• WORK REQUEST:
Please output exactly the lines from the one containing "izzue竖条纹衬衫 新款 男士 2025夏季 潮牌宽松百搭休闲衬衣薄 短袖" through the end of the records below, leaving out any pictures.

Source records:
==*==

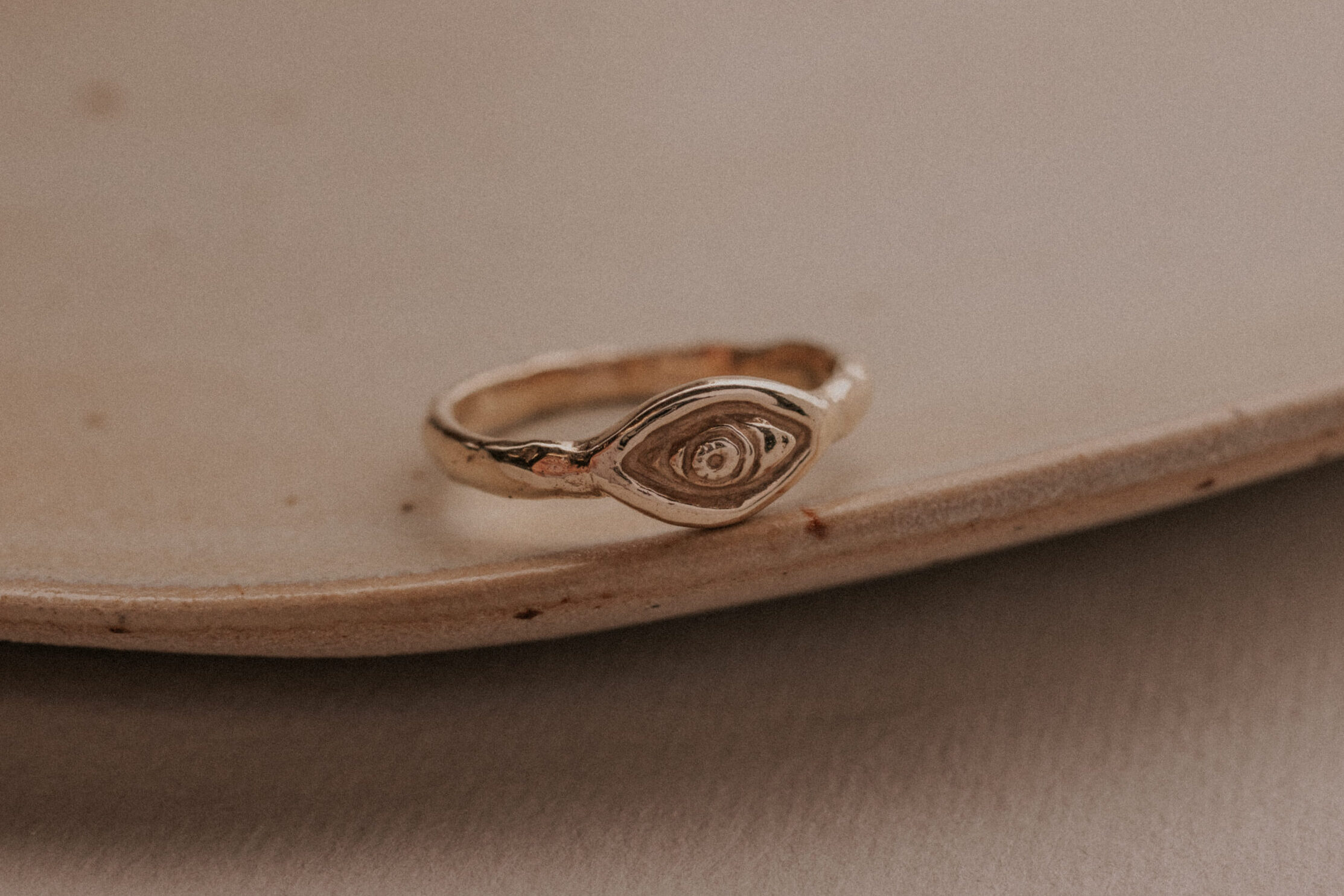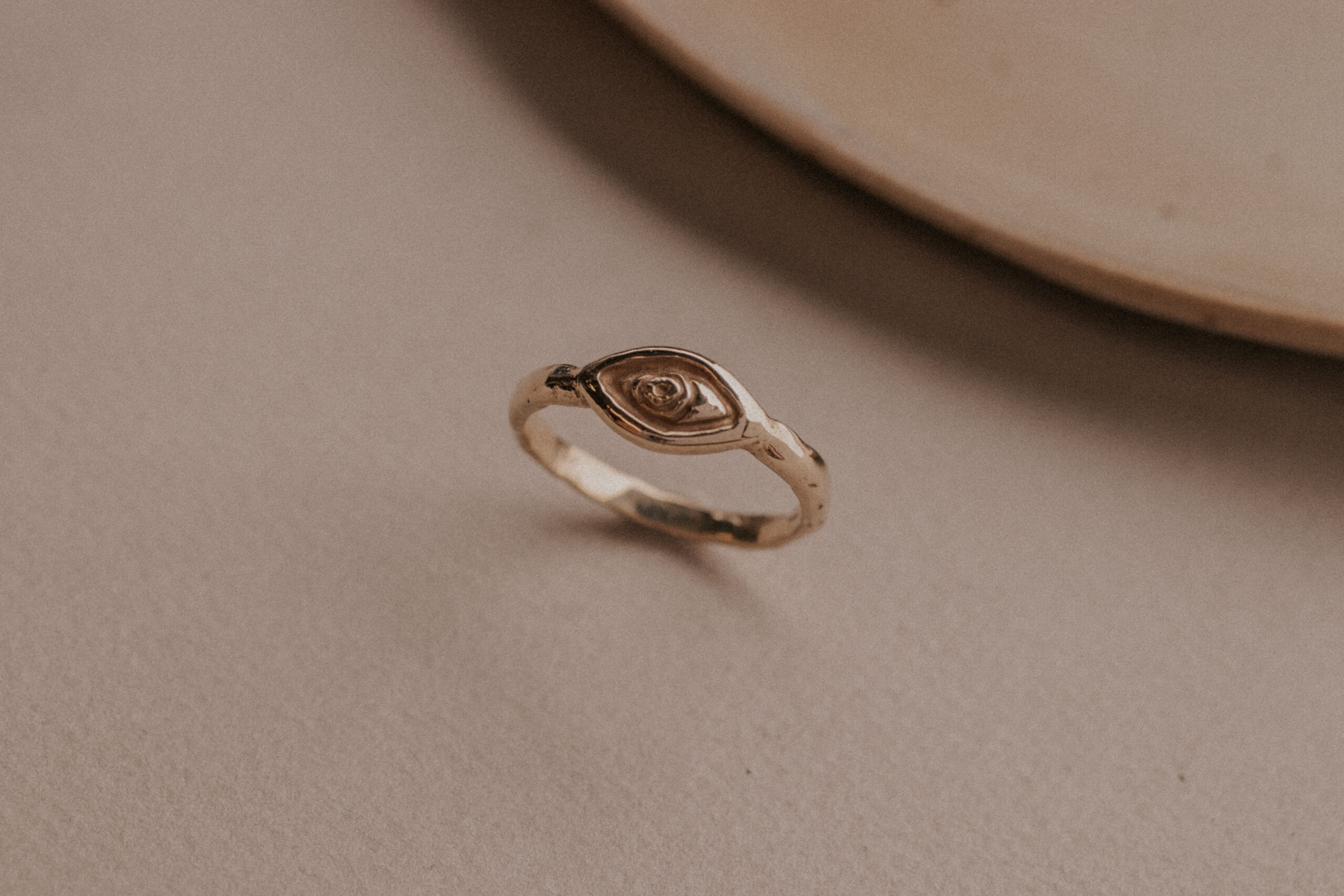 Each ring is handcrafted and always unique and one of a kind. The size of the eye is about 6.3 x 11.5 mm. This jewelry piece is made out of 9 karat gold – and can also be made out of 14 karat gold and in silver.
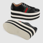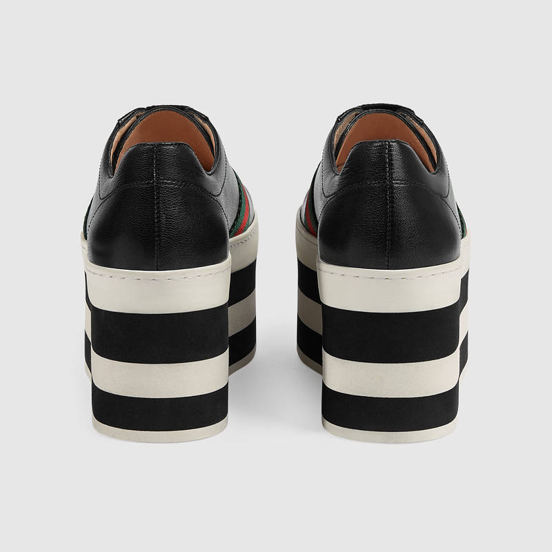 476783 GUCCI 黑白色条纹防水台 罗缎织带 皮革 运动鞋 黑色
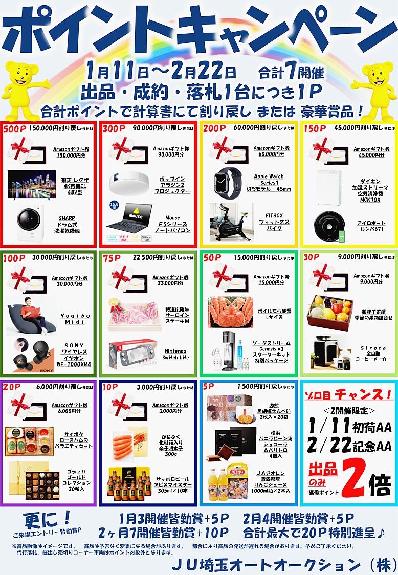 【さいたま】JU埼玉オートオークション(JU埼玉AA、薄辰美社長)は、AA活性化を目的に「ポイントキャンペーン」を開始した=写真。出品、成約、落札の各1台を1ポイントとし、キャンペーン終了後に合計ポイントにて応じて豪華賞品が当たるなどの特...
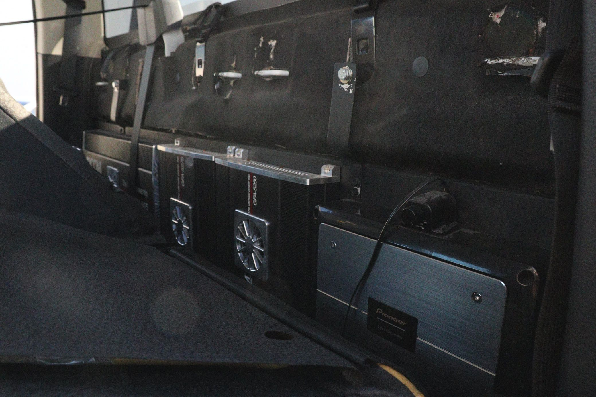 - Interior: B&M Magnum Grip shifter and transmission temp gauge. Pioneer sound system with ADCOM amp. 300-lbs of Dynamat sound deadening.
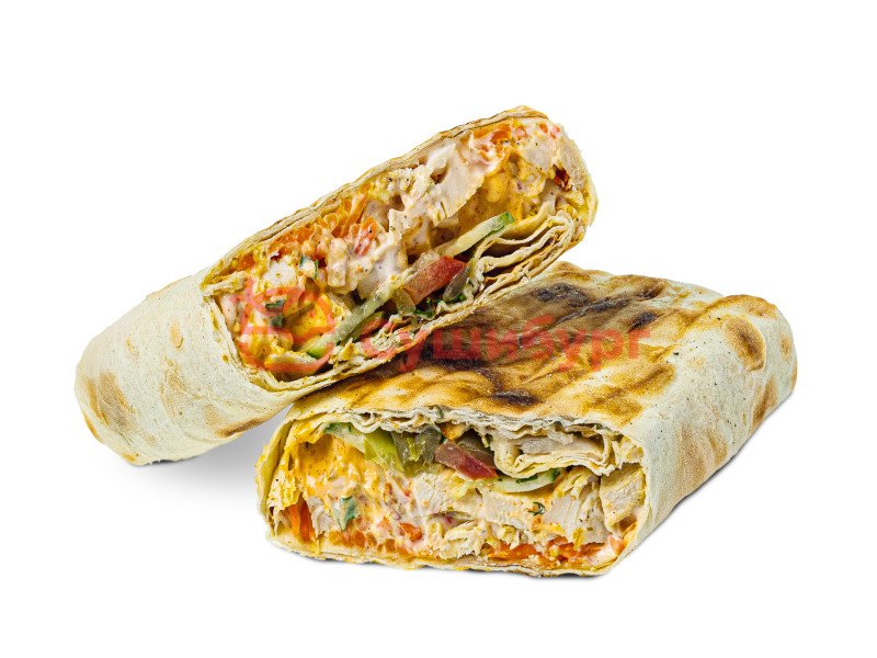Лаваш, томаты, огурец свежий, зелень, морковь по-корейски, лук репчатый, соус пикантный, филе куриное, халапеньо.
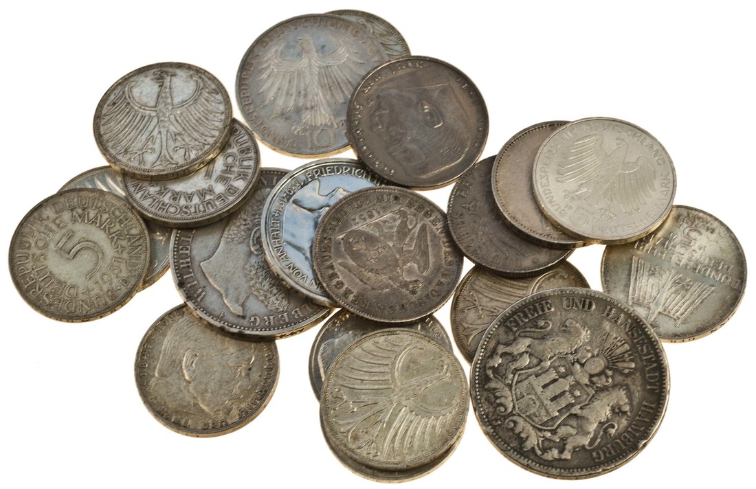 Germany, silver coins (20), Anhalt, 3-Mark, 1914, Baden, Gulden, 1852, Hamburg, 5-Mark, 1876, Prussia, 2-Mark, 1901, Wuerttemberg, 5-Mark, 1903F, 5-Reichsmark (4), Potsdam 1935A, Hindenberg 1935A, 1937F, 1939J, 10-Deutsche-Mark, 1972F, and 5-Deutsche-Mark (10), 1951D, 1951F (2), 1956J, 1957J, 1961D, 1971D, 1972J, 1974D, and 1977J, fine or better (20)
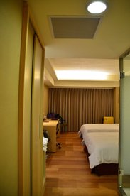 帝豪饭店的客房较狭窄,这与国内三星级的标准间差不多。
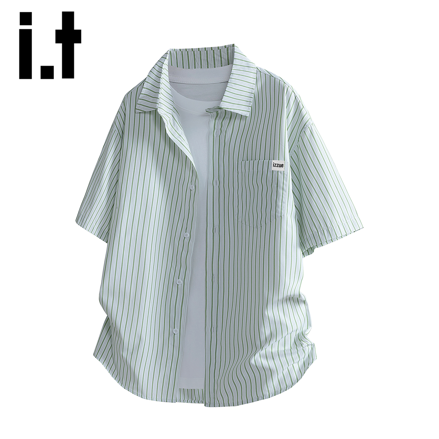 izzue竖条纹衬衫 新款 男士 2025夏季 潮牌宽松百搭休闲衬衣薄 短袖
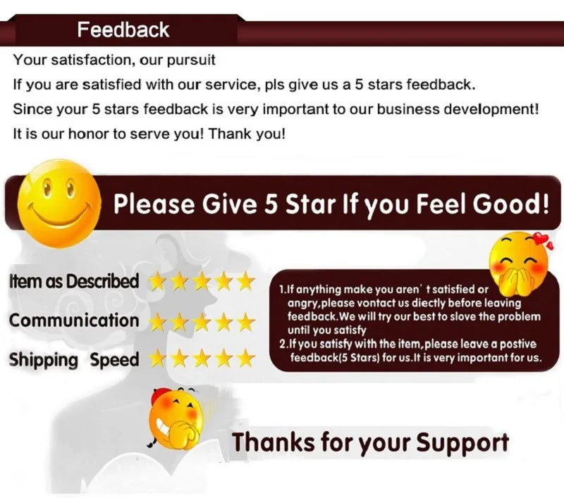 1. Your satisfaction and positive feedback is very important to us. Please give us a positive feedback and 5 stars if you are satisfied with our shoes and services.
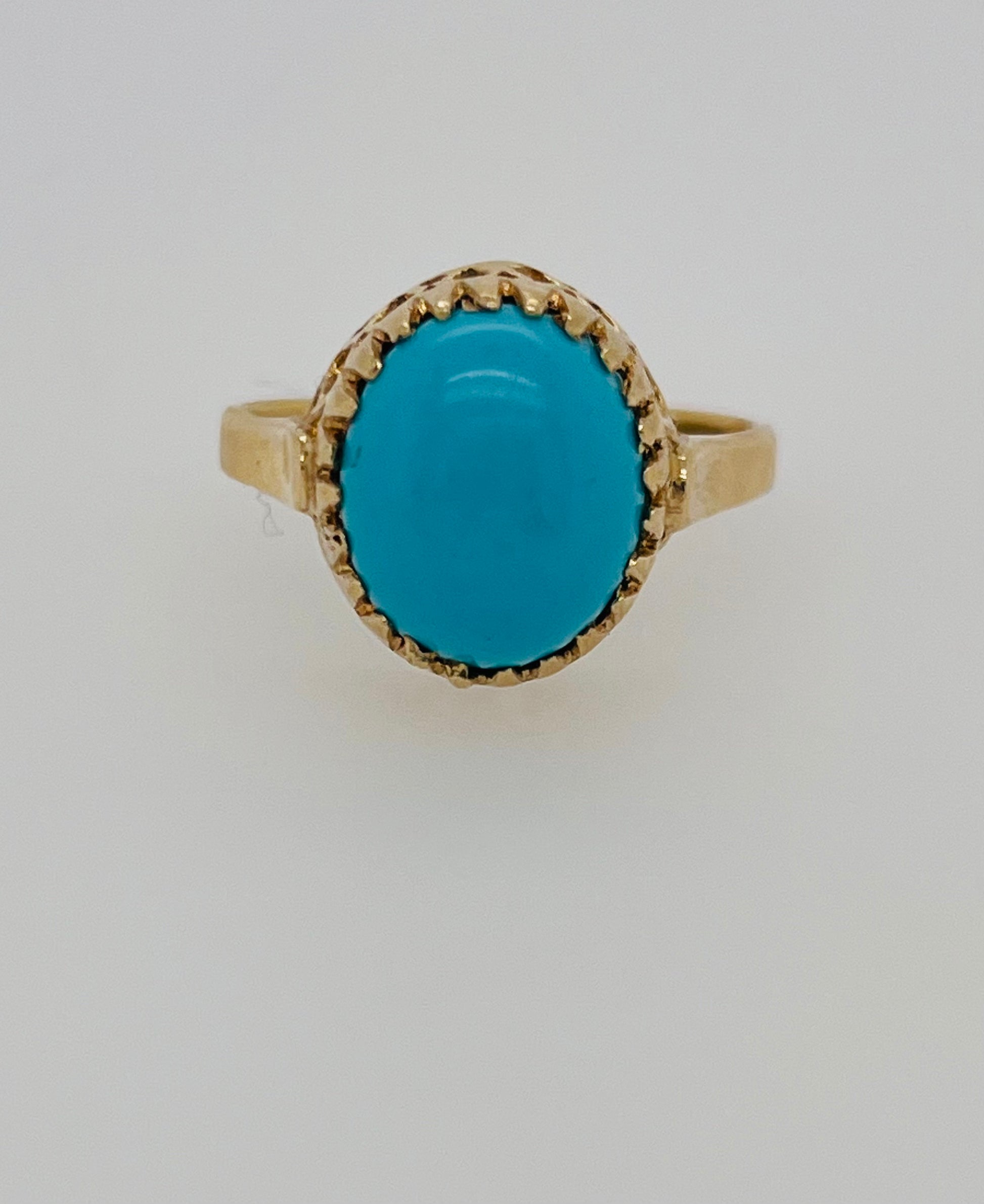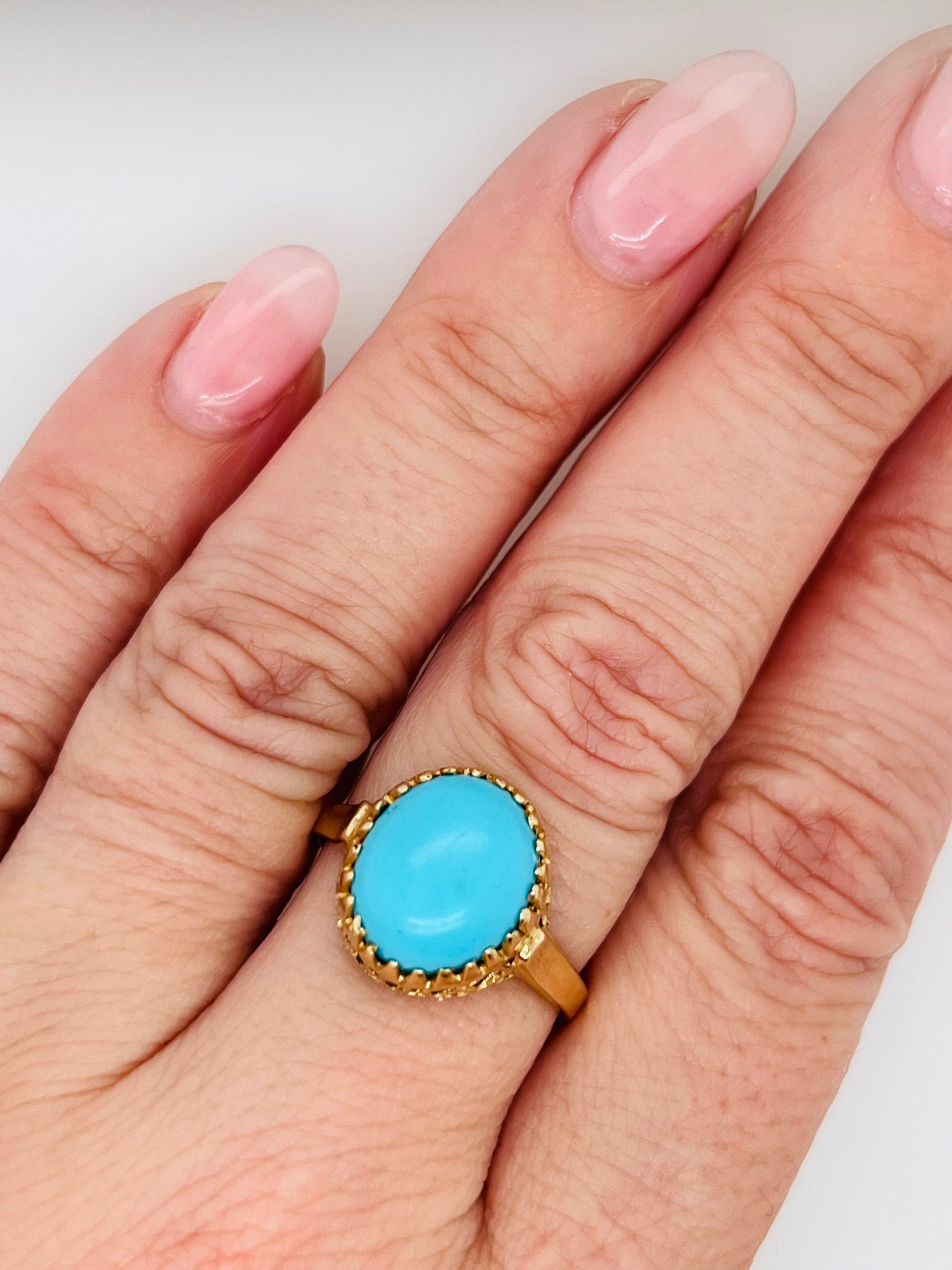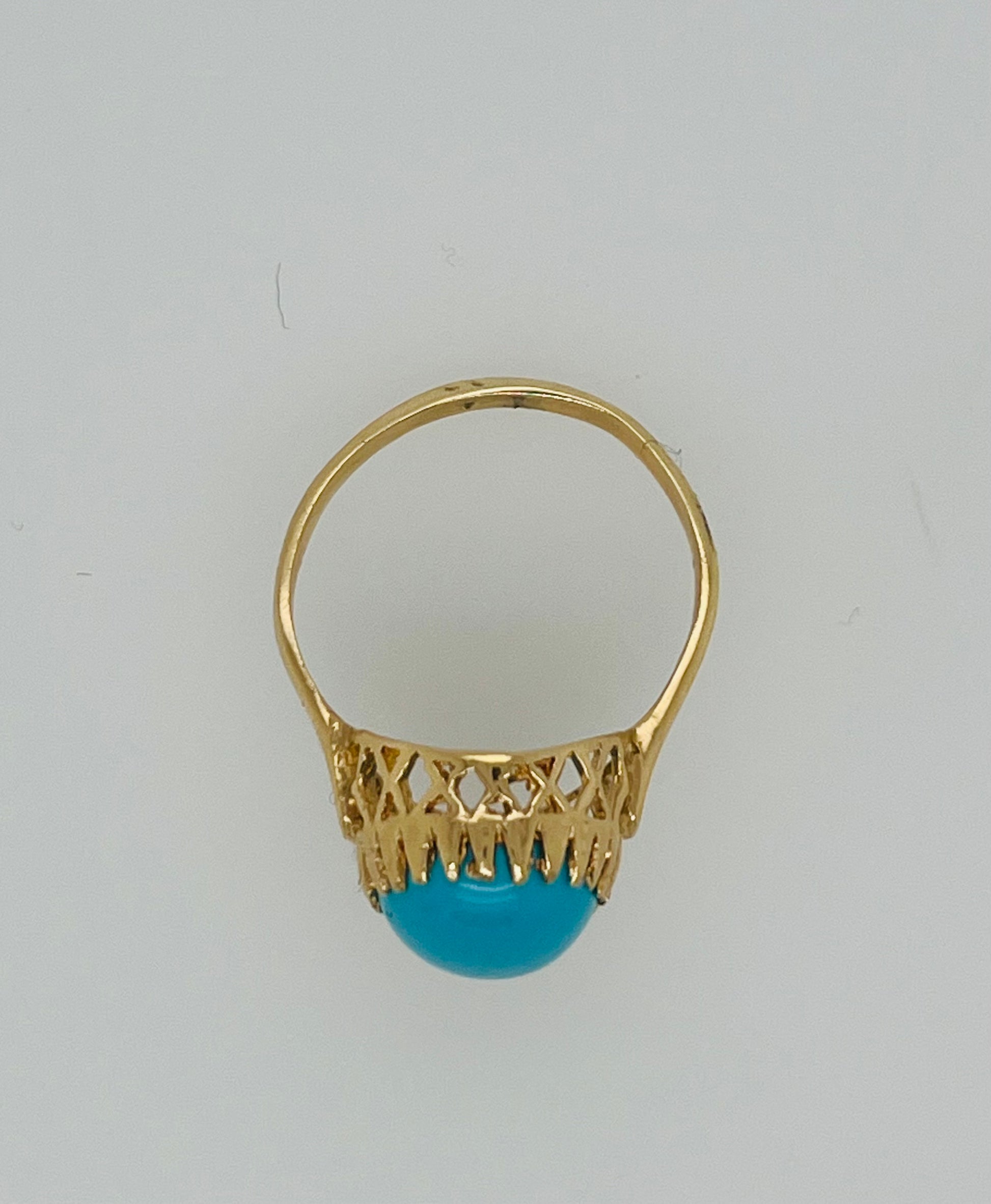 Bright aqua blue persian turquoise ring. Simple and elegant. No markings but acid tests at 14k. This ring is more than just a stylish accessory. Its stunning aqua blue Persian turquoise adds a pop of color to any outfit and will have you feeling like royalty. And with its 14k gold setting, it doesn't just sparkle, it shines.

==*==

• RESULT:
 izzue竖条纹衬衫 新款 男士 2025夏季 潮牌宽松百搭休闲衬衣薄 短袖
 1. Your satisfaction and positive feedback is very important to us. Please give us a positive feedback and 5 stars if you are satisfied with our shoes and services.
 Bright aqua blue persian turquoise ring. Simple and elegant. No markings but acid tests at 14k. This ring is more than just a stylish accessory. Its stunning aqua blue Persian turquoise adds a pop of color to any outfit and will have you feeling like royalty. And with its 14k gold setting, it doesn't just sparkle, it shines.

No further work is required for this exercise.